S-8: Initial registration statement for securities to be offered to employees pursuant to employee benefit plans
Published on July 28, 2021
Registration No. 333-__________
As filed with the Securities and Exchange Commission on July 28, 2021
UNITED STATES
SECURITIES AND EXCHANGE COMMISSION
Washington, D.C. 20549
FORM S-8
REGISTRATION STATEMENT
UNDER
THE SECURITIES ACT OF 1933
Rezolute, Inc.
(Exact name of registrant as specified in its charter)
Nevada (State or other jurisdiction of incorporation or organization) |
27-3440894 (I.R.S. Employer Identification No.) |
201 Redwood Shores Parkway, Suite 315
Redwood City, CA 94065
(Address, including zip code,
of registrant's principal executive offices)
REZOLUTE, INC. 2021 STOCK INCENTIVE PLAN
REZOLUTE, INC. 2016 NON QUALIFIED STOCK OPTION PLAN
REZOLUTE, INC. 2015 NON QUALIFIED STOCK OPTION PLAN
(Full title of the plan)
Rezolute, Inc.
Attn: Nevan Elam, CEO
201 Redwood Shores Parkway, Suite 315
Redwood City, CA 94065
(650) 206-4507
(Name, address, including zip code, and telephone number, including area code, of agent for service)
Copies of communications to:
Anthony W. Epps
Dorsey & Whitney LLP
1400 Wewatta Street, Suite 400
Denver, CO 80202
(303) 629-3400
Indicate by check mark whether the registrant is a large accelerated filer, an accelerated filer, a non-accelerated filer, a smaller reporting company, or an emerging growth company. See definitions of “large accelerated filer,” “accelerated filer,” “smaller reporting company,” and “emerging growth company” in Rule 12b-2 of the Exchange Act.

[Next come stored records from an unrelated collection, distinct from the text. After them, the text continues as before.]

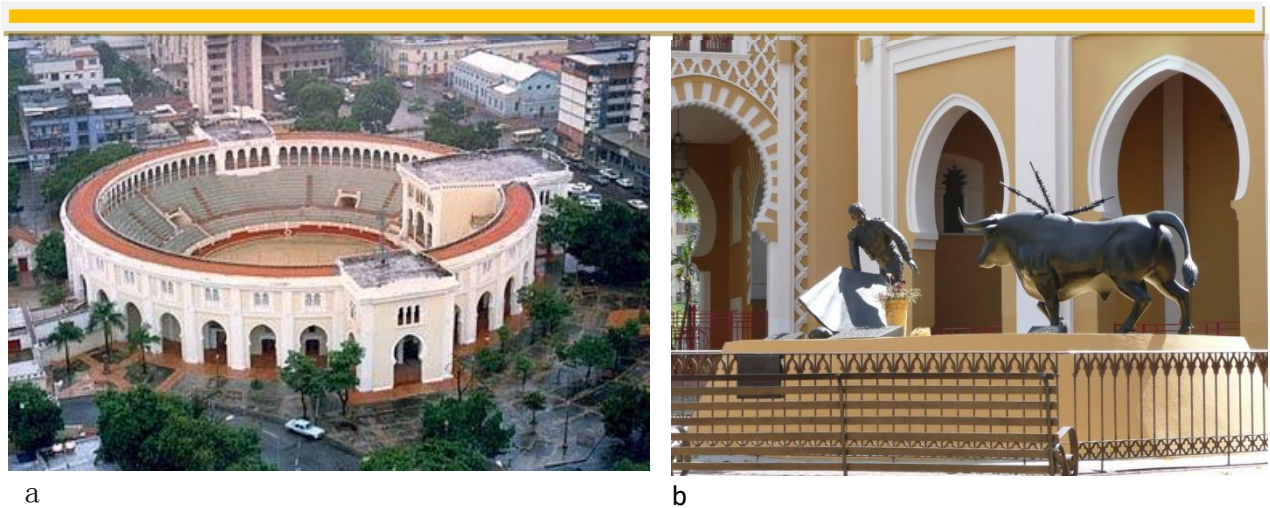
Figura 4. Maestranza “César Girón” (a) y La Girondina (b)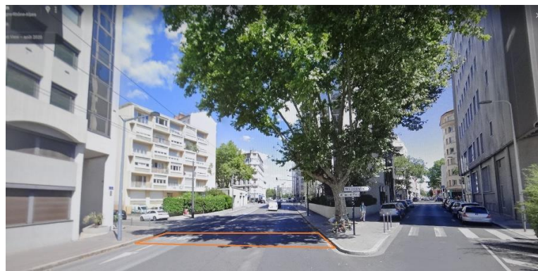
Photo N° 2 – Intersection Emeraudes / Bérenger – Vue vers le nord-est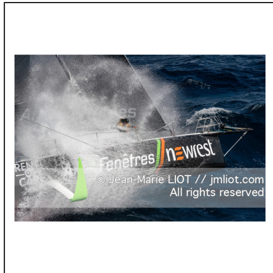
Fabrice Amédéo, skipper de l'IMOCA Newrest Art & Fenêtres à l'entrainement avant le départ du Vendée Globe 2020, mer d'Iroise le 29/08/2020, Photo © Jean-Marie LIOT.###.Fabrice Amédéo, skipper IMOCA Newrest Art & Fenêtres before the start of le Vendée Globe 2020, Iroise on august 28, 2020, Photo © Jean-Marie LIOT.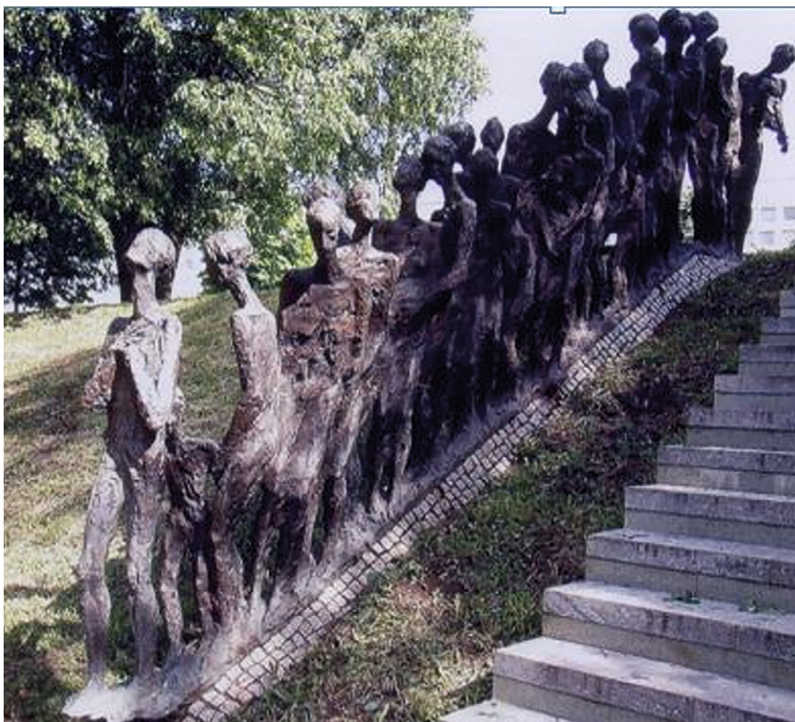
Denkmal beim Ghetto in Minsk für die ermordeten Juden

Das Schicksal der Beverstedter Juden der Familie Brumsack hat die Jugendliche tief beeindruckt. Wei-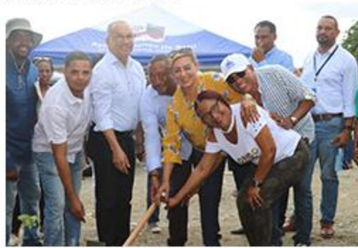
PRIMER PICAZO CAJULITO NORTE CENTRO COMUNAL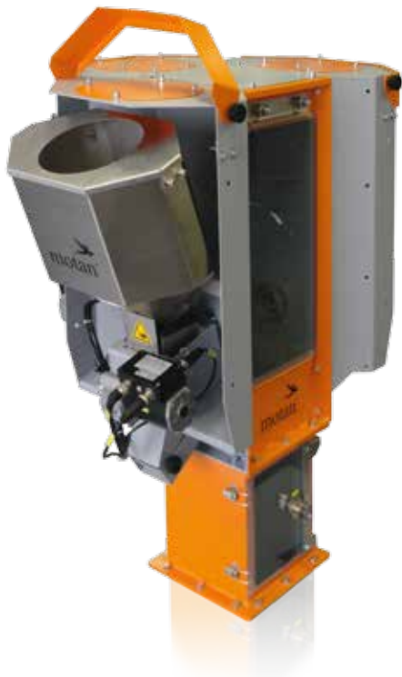
Système rapide de changement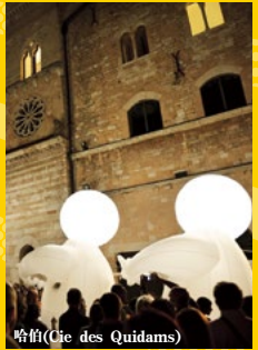
哈伯(Cie des Quidams)

Cie des Quidams是法國人氣表演團體。這次香川表演是西日本的首登場。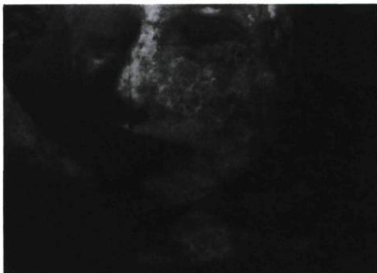
France Choinière, Projection 1 , de 24 images muettes de la seconde dernière, 1991.

En dehors de soi, jeunes photographes 1992, Galerie Dazibao, Montréal.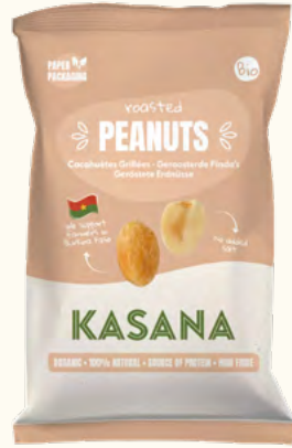
Cacahuètes grillées (Burkina Faso)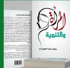
■ غلاف الكتاب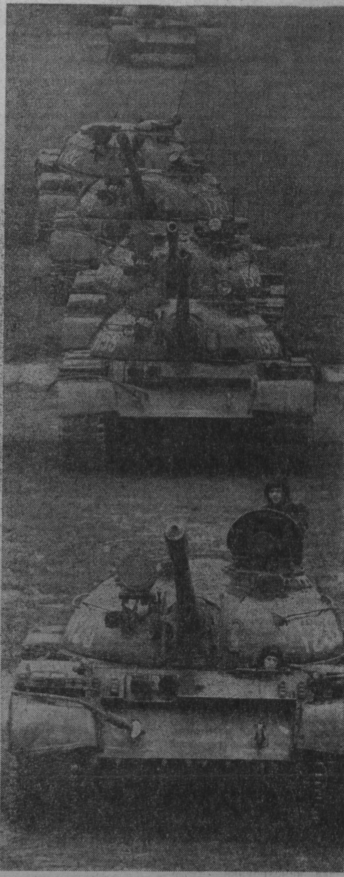
НА СНИМКЕ: подразделение танкистов Н-ской части готовится к совершенно маршу.

Д. ДЕЛЮШЕНКО, генерал-армии, дважды Герой Советского Союза. (ТАСС).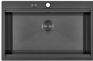
Fregadero Milanello Gun Metal workstation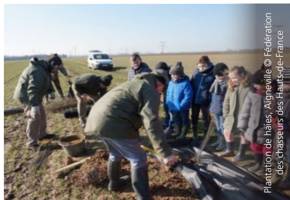
Plantation de haies, Aigueville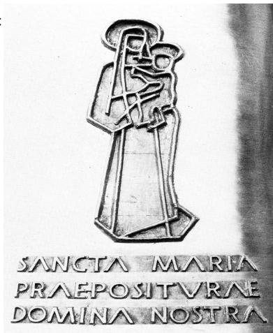
Décor et inscription "Sainte-Vierge"

Inscription : Comme Dieu t'y convie, Pierre, brise nos chaînes terrestres, Toi qui veille à maintenir ouvertes aux bienheureux les portes du Royaume céleste. Alleluia Saint-Pierre apôtre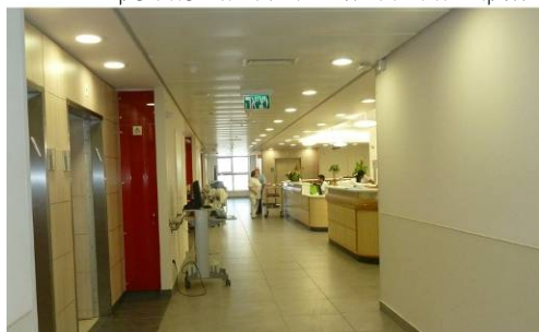
מחלקת ניורולוגיה – מרכז רפואי סוראסקי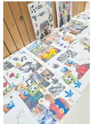
Expositie op school in Boxmeer.

Pro College Boxmeer-Stationsweg 38B Boxmeer tel. 0485-577459 (reserveren restaurant).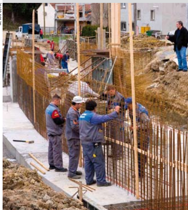
Radnici tvrtke Bauing-Rožman izvode radove na betoniranju korita i gradnji temelja buduće ceste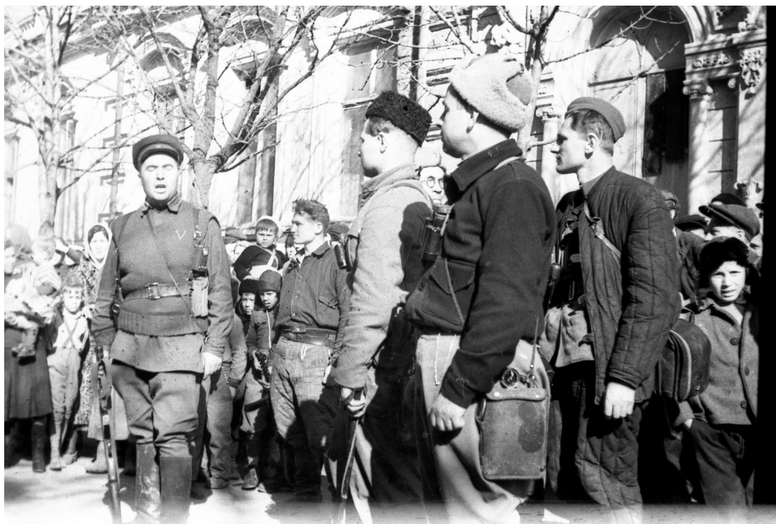
Партизаны в центре освобождённого Симферополя

В период оккупации города подпольщики вели постоянную борьбу с захватчиками. Они не только устанавливали связи с крымскими партизанами, передавали им данные для диверсий, сообщали о подготовке карательных операций, но и сами не раз проводили диверсии.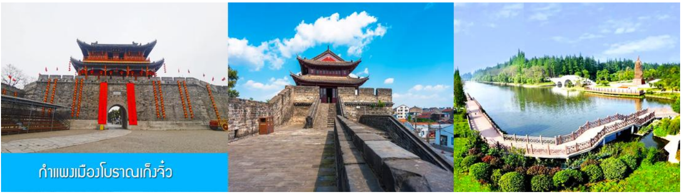
กำแพงเมืองโบราณเกิ่งจิว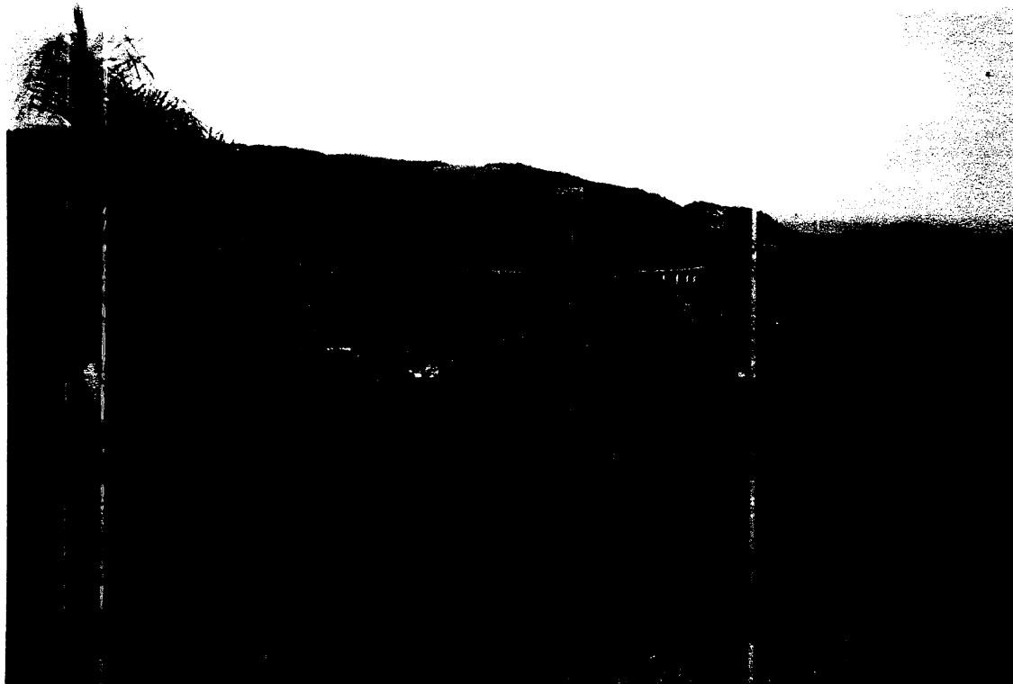
Figura 9 – Bar e Lanchonete "Ponto da Cana", localizado as margens da Estrada do Perau Velho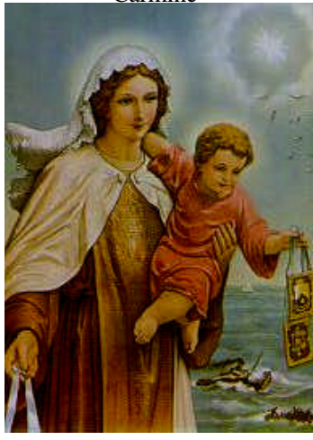
Immagine della "Madonna del Carmine"

Lunedì 16 Luglio, cioè domani, ricorre la "MADONNA DEL CARMELO" o del "CARMINE". Domenica scorsa non su questo non scrivemmo niente, ma durante la settimana, insieme alla recita del Rosario, e alla S. Messa, è stata fatta tutte le sere "LA NOVENA" in preparazione.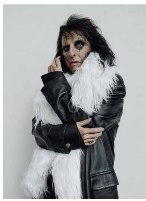
© BRYAN ADAMS, ALICE COOPER, FEATHER BOA, GERMANY 2024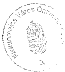
Patkós Zsolt polgármester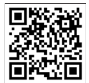
申込みフォーム 二次元コード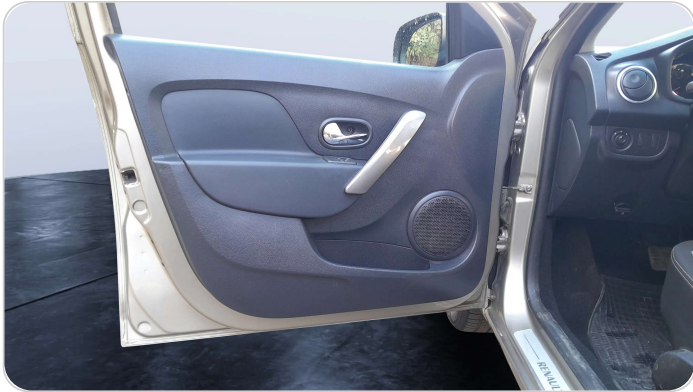
FR L DOOR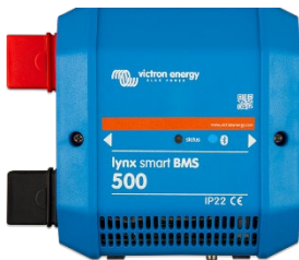
Lynx Smart BMS 500 A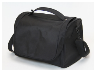
スキャナーキャリーバッグ

Large accelerated filer | ¨ | Smaller reporting company | x |
Accelerated filer | ¨ | Emerging growth company | ¨ |
Non-accelerated filer | x |
If an emerging growth company, indicate by check mark if the registrant has elected not to use the extended transition period for complying with any new or revised financial accounting standards provided pursuant to Section 7(a)(2)(B) of the Securities Act.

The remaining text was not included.